Our log engine supports two persistence strategies:
- DiskFirst: Prioritizes durability.
- MemFirst: Prioritizes performance.
Both strategies support configurable flush policies to control how memory contents are persisted to disk.
§Persistence Strategies
§DiskFirst
- Write Path: On append, entries are first synchronously written to disk. Once confirmed, they are cached in memory.
- Read Path: Reads are served from memory. If the requested entry is missing, it is loaded from disk and cached.
- Startup Behavior: Does not preload all entries from disk into memory. Instead, entries are loaded lazily on access.
- Durability: Ensures strong durability. A log is never considered accepted until it is safely written to disk.

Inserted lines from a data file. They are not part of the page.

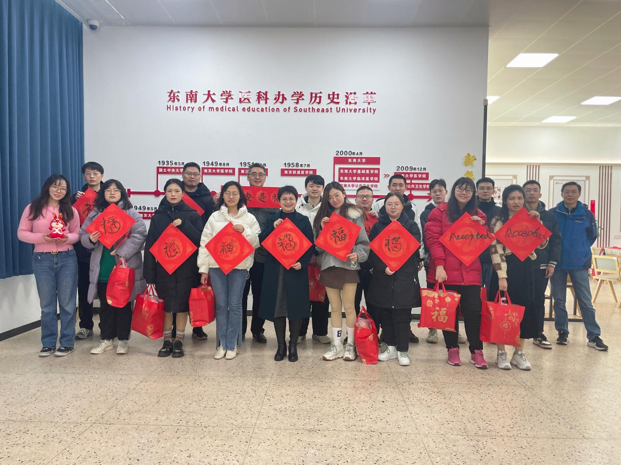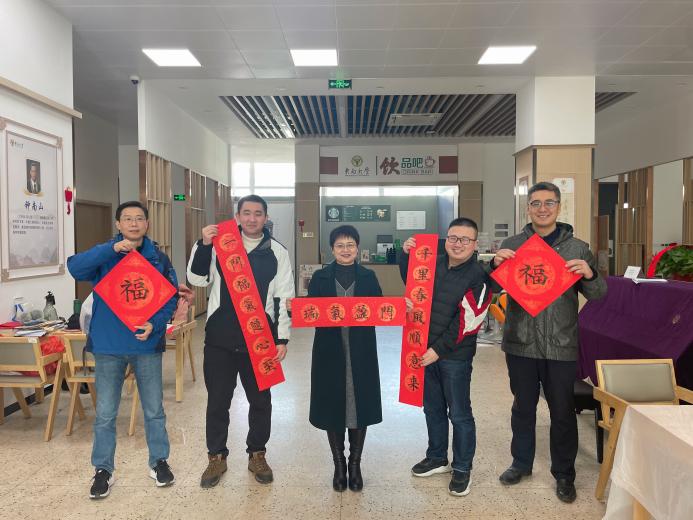 除夕是中华民族重要节日,2023年寒假,我们部分研究生因临床实践或科研工作需要,选择留校过除夕。为关心关爱留校学生,1月21日上午,在兔年新春到来之际,必威·BETWAY党委书记姚红红老师、党委副书记兼副院长周明阳老师、研究生辅导员唐天奎老师、栾夏丽老师一同前往丁家桥校区,看望慰问留校学生,并通过写春联、画福字等活动,传承中华民族传统文化,丰富留校学生的假期生活,为学生送上新春祝福。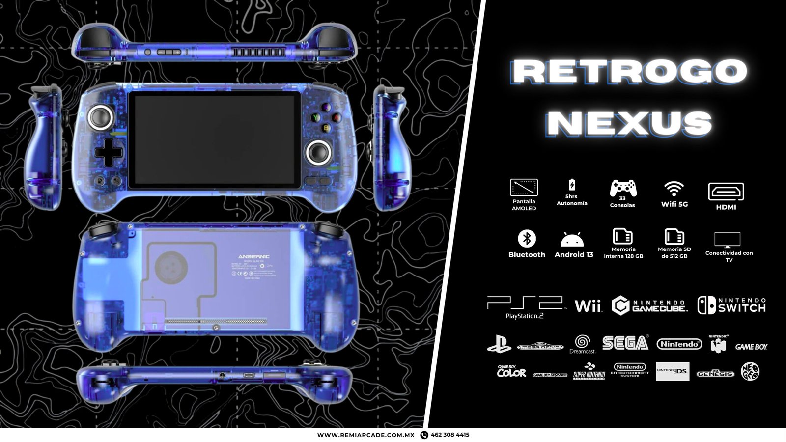 Disfruta de la mejor experiencia de juego retro y Android con la RetroGo Nexus(Ambernic RG556), es una consola portátil que combina hardware de alto rendimiento con una ergonomía superior. Con su potente procesador Unisoc T820 y 8GB de RAM, emula fluidamente una vasta biblioteca de consolas, incluyendo PS2 y PSP, con el sistema operativo Android 13.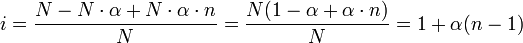 где solut. — данный раствор, nel. solut. — раствор неэлектролита той же концентрации, Tbp — температура кипения, а Tmp — температура плавления (замерзания). Смысл параметра ясен из определения каждого из коллигативных параметров: они зависят от концентрации в растворе частиц растворённого вещества. Неэлектролиты в растворе не диссоциируют, стало быть, каждая молекула неэлектролита образует в растворе лишь одну частицу. В свою очередь, электролиты в растворе под влиянием сольватации частично или полностью распадаются на ионы, образуя при этом несколько частиц на одну диссоциировавшую молекулу. Соответственно, и коллигативные свойства данного раствора (аддитивные величины) зависят от содержания в нём частиц (ионов) каждого типа из тех, которым принадлежат частицы, образовавшиеся в растворе в результате диссоциации исходной молекулы, — раствор представляется как бы смесью растворов каждого из типов частиц. Например, раствор хлорной извести содержит три типа частиц — катионы кальция, хлорид-анионы и гипохлорит-анионы. Итак, изотонический коэффициент показывает, насколько в растворе электролита больше частиц по сравнению с раствором неэлектролита аналогичной концентрации, и связан со способностью вещества распадаться в растворе на ионы, то есть, со степенью диссоциации. Если формульная единица или молекула содержит n ионов (или атомов при полярных связях, в растворе превращающихся в ионы), количество исходных молекул равно N, а степень диссоциации соединения — α, то количество диссоциировавших молекул равно N·α (при этом образуются N·α·n ионов), а общее количество частиц в растворе равно ((N — N·α) + N·α·n). Изотонический же коэффициент равен отношению: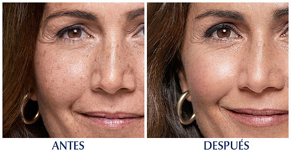 Está formulado para mejorar la apariencia de manchas solares, tono desigual y marcas superficiales. Los resultados pueden variar según el tipo de piel.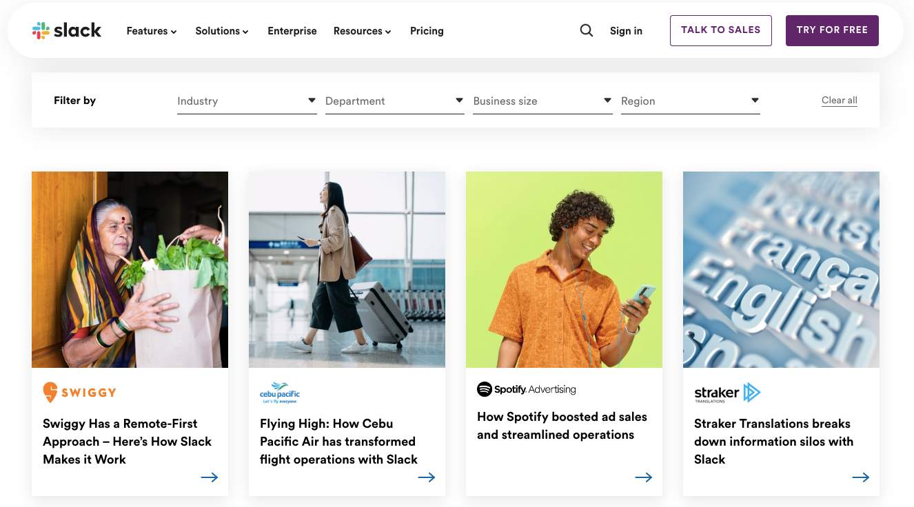 Además de guías útiles y artículos de blog, la biblioteca de recursos de Slack tiene otra página llamada "Historias de clientes". Aquí es donde comparten sus estudios de casos, destacando las organizaciones que han aprovechado Slack con éxito para mejorar sus flujos de trabajo, comunicación y productividad general. Presentar historias de clientes como estudios de casos es algo que también notamos en la estrategia de marketing de contenidos de Marketo.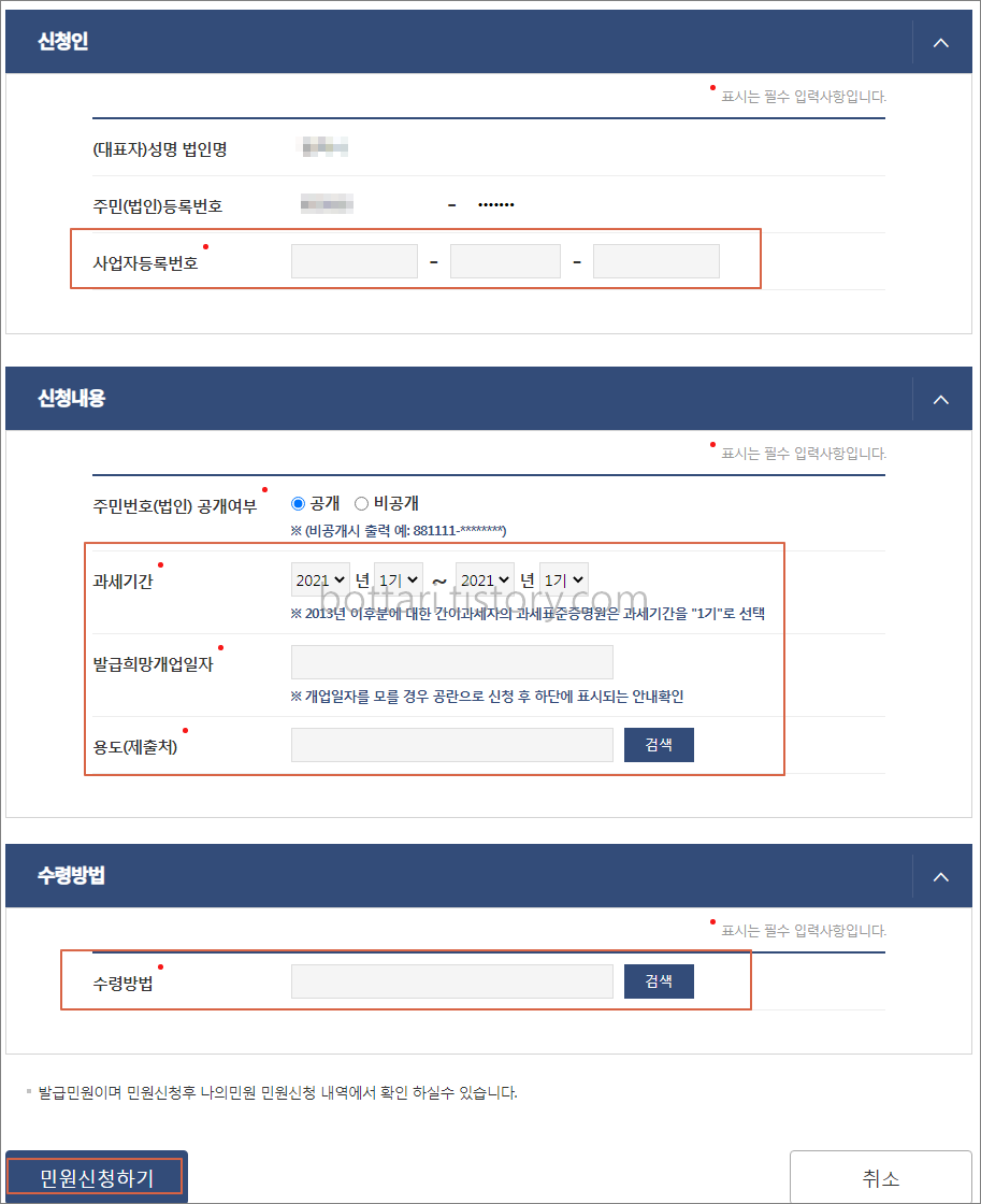 사업자등록번호 입력 후 과세기간을 선택합니다. 발급희망개업일자는 모를 경우 비워두고 나머지 항목을 모두 채운 뒤 신청하기를 클릭하면 개업일자를 확인할 수 있습니다. 안내되는 개업일자를 기입하면 됩니다.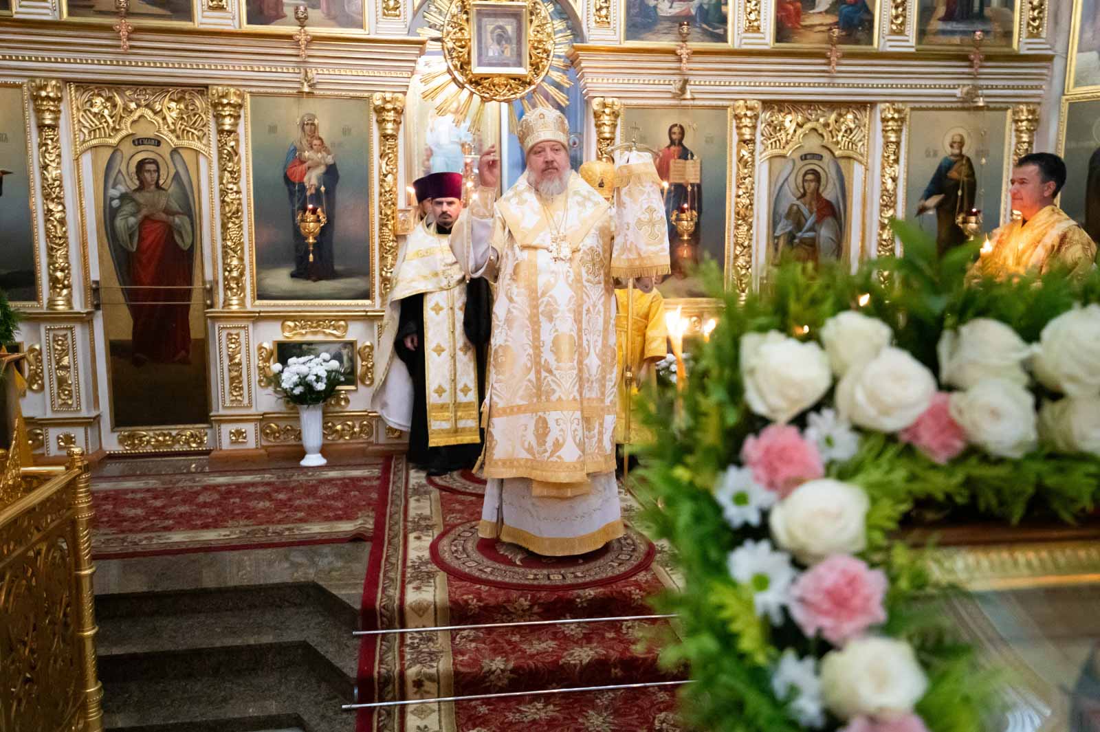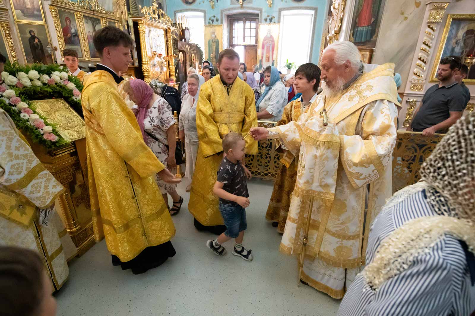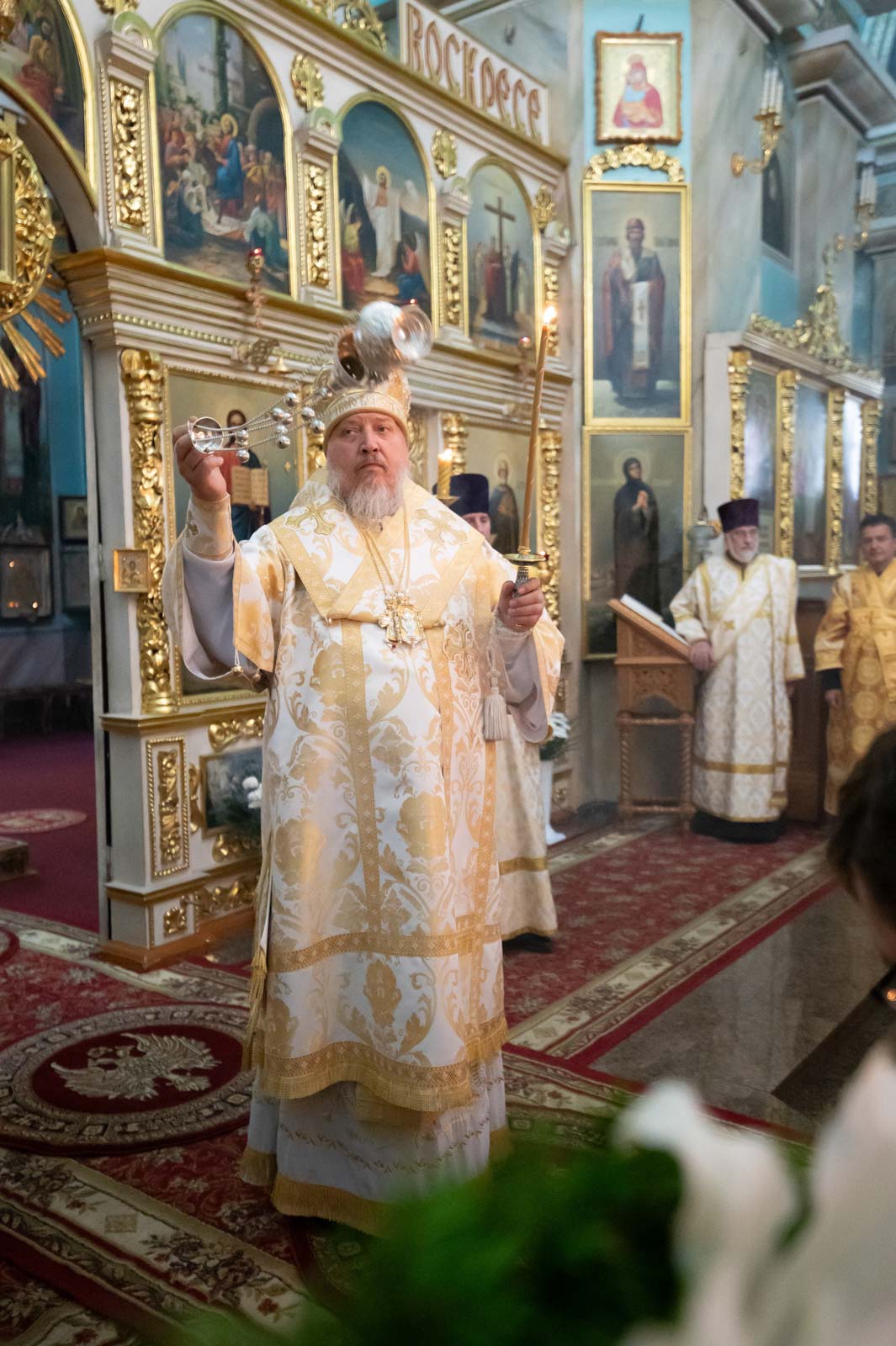 За богослужением архипастырю сослужили клирики кафедрального собора. Владыка Стефан помазал верующих освящённым елеем и преподал всем архипастырское благословение.

- Memory Use: Memory acts as a read-through cache for performance optimization.
§MemFirst
- Write Path: Entries are first written to memory and acknowledged immediately. Disk persistence is handled asynchronously in the background.
- Read Path: Reads are served from memory only. If an entry is not present in memory, it is considered nonexistent.
- Startup Behavior: Loads all log entries from disk into memory during startup.
- Durability: Durability is best-effort and depends on the flush policy. Recent entries may be lost if a crash occurs before flushing.
- Memory Use: Memory holds the complete working set of logs.
§Flush Policies
Flush policies control how and when in-memory data is persisted to disk. These are especially relevant in MemFirst
mode, but are also applied in DiskFirst
to control how memory state is flushed (e.g., snapshots, metadata, etc).
§Types
-
Immediate
- Flush to disk immediately after every log write.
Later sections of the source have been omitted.